Where self.max_words_len is the maximum # of full words in an input sentence and self.max_tokens_len is the maximum # of subword tokens in an input sentence. The output shape for this layer is (batch_size, self.max_words_len, embedding_dim)

And here's a small sample of how to use it:

inp = Input((self.max_tokens_len, ), dtype=tf.int32, name='sub_tokens')
inp_full_word_indexes = Input((self.max_words_len, self.max_tokens_len), dtype=tf.int32, name='full_word_indexes')

var = bert_model(inp)
var = Dropout(dropout_rate)(var)
full_var = MergeSubwordsLayer()(var, inp_full_word_indexes)
full_var = Conv1D(self.vocab_size, kernel_size=1, activation='softmax', name='full_out')(full_var)

inputs = {
    'sub_tokens': inp,
    'full_word_indexes': inp_full_word_indexes
}

outputs = {
    'full_out': full_var,
}

model = Model(inputs, outputs, name='word_vec')

Notes:

maltintas45 commented 3 years ago

I am using below lines via offset (token_start_indexes variable in code) to get word level embedding from sub-word level embedding; but, I think it is not ideal solution, it makes model slower.

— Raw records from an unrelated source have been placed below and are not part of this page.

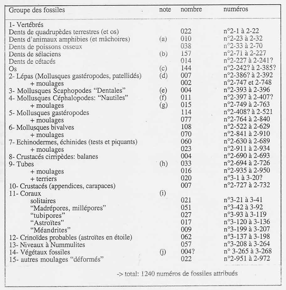 On a distingué la numérotation du volume 2 (n° 2-n) et du volume 3 (n° 3-n). La citation des spécimens n° 2-733 à 2-746 n’a pas été localisée. (a) dents et mâchoires de reptiles, de mammifères (surtout cétacés) ; (b) requins et raies ; (c) os du crâne, vertèbres, côtes, membres de cétacés, oiseaux ; (d) attribution difficile ; (e) vraisemblablement 4 groupes et non 4 spécimens ; (f) Borda d’Oro inclut les ordres des Nautiles et des Ammonites ainsi que des foraminifères benthiques nommés « Nautiles microscopiques » ; (g) Ordres des Nautiles et des Ammonites; (h) nature incertaine: vers, serpules, terriers ou coquilles ; (i) sous le nom de polypiers sont rassemblés des membres de l’embranchement des Coraux mais aussi des éponges (silicifiées) ; (j) il s’agit de restes de bois, de cônes de gymnospermes, de tourbe, de lignite.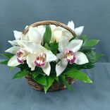 Композиция в плетеной корзине с семью белоснежными орхидеями и рускусом – это воплощение элегантности и изысканности. Орхидеи, символ утонченности и благородства, прекрасно смотрятся в окружении зелени и сплетения ивовых веток, придающих композиции завершенный вид. Букет из 7 орхидей в корзине - экзотическая, но милая аранжировка для самой-самой!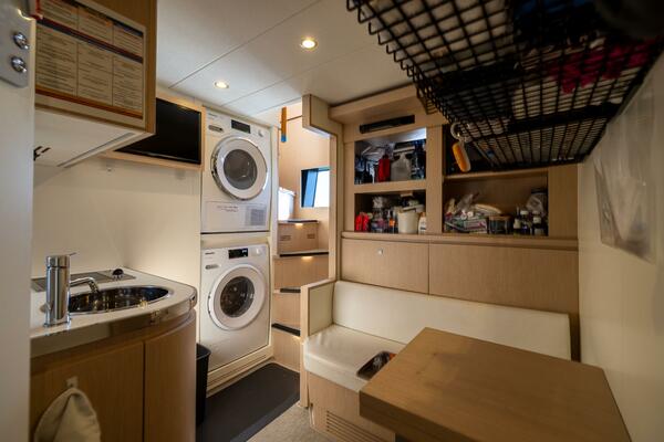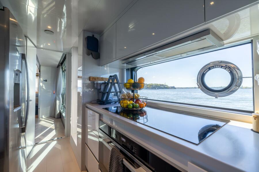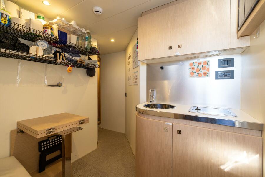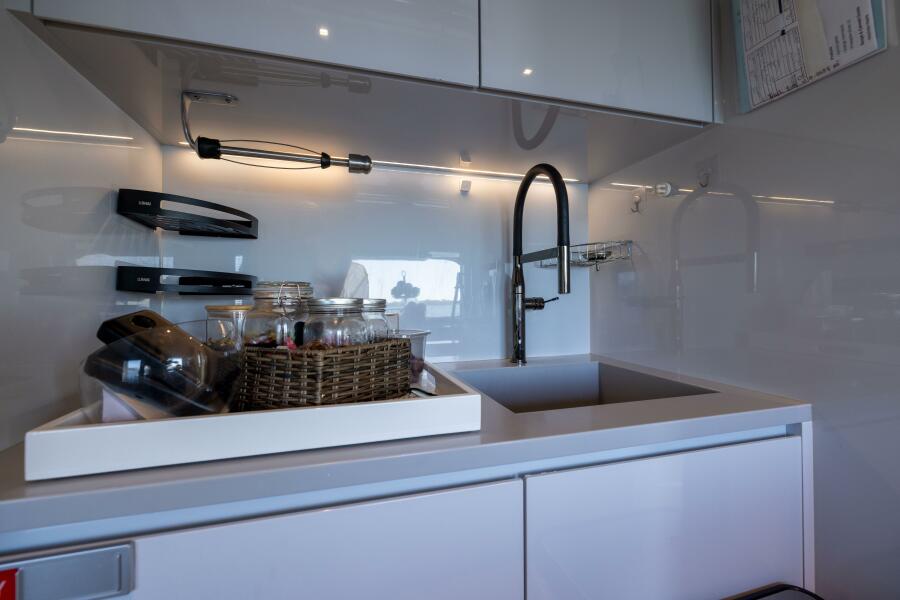 - Galley: Induction cooktop, removable worktop for sink, oven, extraction hood, additional microwave oven and fridge

x=pretrained_embedings_on_subword_level[:, token_start_indexes]
li=[x[i][i] for i,batch_i in enumerate(x)]
pretrained_embedings_on_word_level =tf.stack(li,dim=0)

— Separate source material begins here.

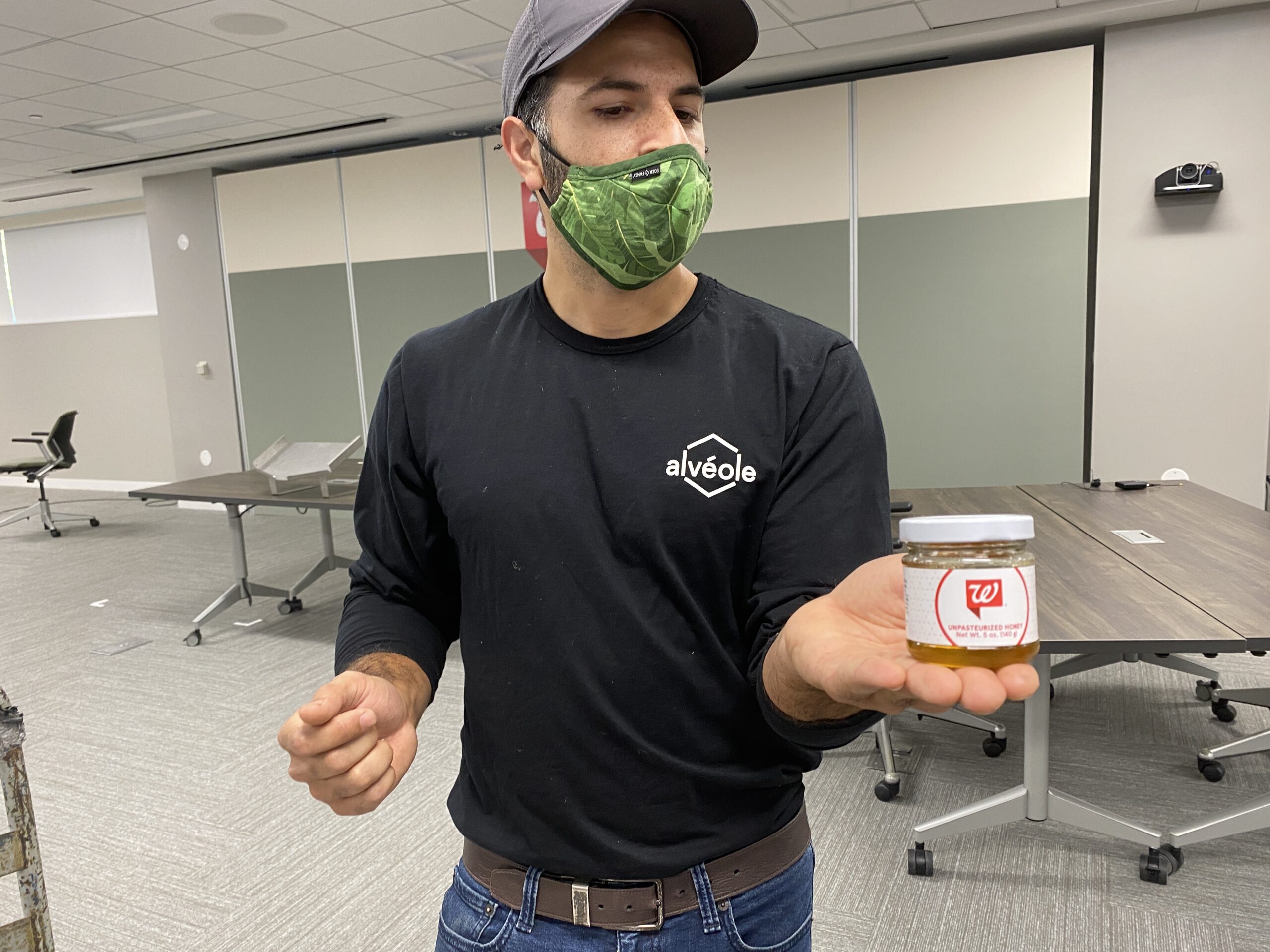 Alex Ansari, of Alveole, prepares one of the more than 60 jars of honey collected from this year’s harvest.

to get offsets( here the first subword) below lines are used

# some of tokens might be seperated multi subtokens. to keep features true sequence,token_length is used
# pretrained tokenizer tokens   : 'varlığından',   'mutlu',   'olunduğunu',   'bilmesi',   ',',   'önemsen',   '##diğini',   'hissetmesi',
# ud dataset tokens             : 'varlığından',   'mutlu',   'olunduğunu',   'bilmesi',   ',',   'önemsendiğini',           'hissetmesi',
# token_lengths                 :   1,                 1,            1,           1,        1,        2,                       1,
# token_start_indexes           :   0,                 1,            2,           3,        4,        5,                       7,
token_lengths = [ [1] + [len(tokenizer.tokenize(w)) for w in s] + [1] for s in sentences_as_txtlist]
token_start_indexes=[[0 if i==0 else sum(s[:i]) for i,_ in enumerate(s)] for s in token_lengths]
maltintas45 commented 3 years ago

You can also do it using gather function shown in this notebook. It is more effective than my previous solution.